The audits are in addition to the OCR's “existing arsenal of tools” for ensuring compliance with the Health Insurance Portability and Accountability Act Privacy and Security rules, OCR Director Jocelyn Samuels told reporters. Some of the OCR's existing tools include investigating complaints of possible compliance violations as well as conducting education and outreach programs with covered entities focused on compliance.
The audits will be used to help entities correct compliance issues as well as help the government identify systemic HIPAA compliance problems, she said.
Samuels urged HIPAA-covered entities and business associates to monitor the OCR website over the coming weeks and months for updates on the status of the phase two audits, including new audit protocols and guidance.
Phase one of the HIPAA audits was conducted as a pilot program in 2011 and 2012. Overall, the compliance audits are intended to determine if health-care organizations and their contractors are complying with federal regulations governing the protection of health-care data.
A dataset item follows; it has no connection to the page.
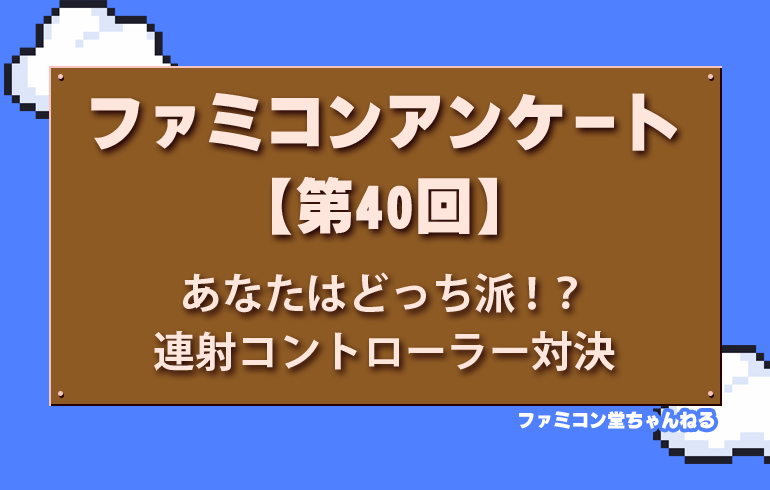 あなたはどっち派!?連射コントローラー対決【第40回】 2025.07.30 アンケート 🔥ファミコン時代の連射コントローラー対決🔥 懐かしの連射アイテムを選んでね あなたの連射の思い出、語ってください✨ ジョイカード2 ホリコマンダー スーパーコントローラー2 任天堂のおすすめシリーズといえばどれ!?【第39回】 前の記事 あなたの推し2コンキャラは誰??【第41回】 次の記事 関連記事 アンケート ファミコンの“恐怖”と“戦い”が詰まったホラーアクションゲームはどれ?【第27回】 アンケート ファミコン高額ゲーム おすすめはどれ?【第70回】 アンケート 今からレトロゲームをするならどのハードがおすすめ?【第99回】 アンケート 珍しい付属品、あなたが一番気になるのはどれ?【第86回】 コメント 0 コメント 0 トラックバック この記事へのコメントはありません。 トラックバックURL この記事へのトラックバックはありません。 返信をキャンセルする。 名前(例:山田 太郎) E-MAIL - 公開されません - URL

An OCR official in September 2014 said the audits are resource-intensive, and that the OCR has asked Congress for additional staffing. The OCR previously has said it planned to begin the permanent audit program in 2014, but concerns about funding hampered those efforts.
Samuels told Bloomberg BNA via e-mail that the compliance audits allow the OCR “to identify best practices and proactively uncover risks and vulnerabilities, unlike our other enforcement tools, such as complaints and compliance reviews; provide a proactive and systematic means to assess and improve industry compliance; enhance industry awareness of compliance obligations; and enable OCR to target its outreach and technical assistance to identified problems and to offer tools to the industry for self-evaluation and prevention.”
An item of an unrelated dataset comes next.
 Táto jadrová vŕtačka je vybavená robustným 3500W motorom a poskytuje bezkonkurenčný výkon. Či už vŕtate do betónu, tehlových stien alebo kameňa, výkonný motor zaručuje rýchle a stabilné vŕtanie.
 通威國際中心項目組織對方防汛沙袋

Samuels also said the OCR has continued to increase its investigations of noncompliance with the HIPAA Privacy Rule that results in industrywide impact, also known as high-impact cases. She said the OCR has entered into 16 resolution agreements since 2012 that have included monetary settlements and corrective action plans designed to resolve the high-impact cases.
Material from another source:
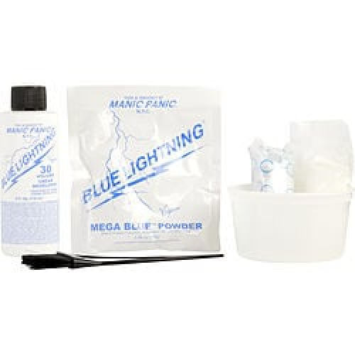 BLUE LIGHTENING SUPER STRENGTH HAIR LIGHTENING KIT: BLEACH POWDER & 30 VOLUME CREAM DEVELOPER & MIXING TUB & TINT BRUSH & PLASTIC CAP & PLASTIC GLOVES & INSTRUCTION BOOKLET

“While this represents a very small fraction of the complaints that OCR investigates and compliance reviews that OCR initiates, this is an increase in the number of high-impact cases that OCR resolved through resolution agreements and corrective action plans over previous years,” Samuels said.
Samuels also said that while covered entities and business associates are getting better at understanding their obligations regarding breach notifications, “we do continue to see indications of noncompliance in this area.”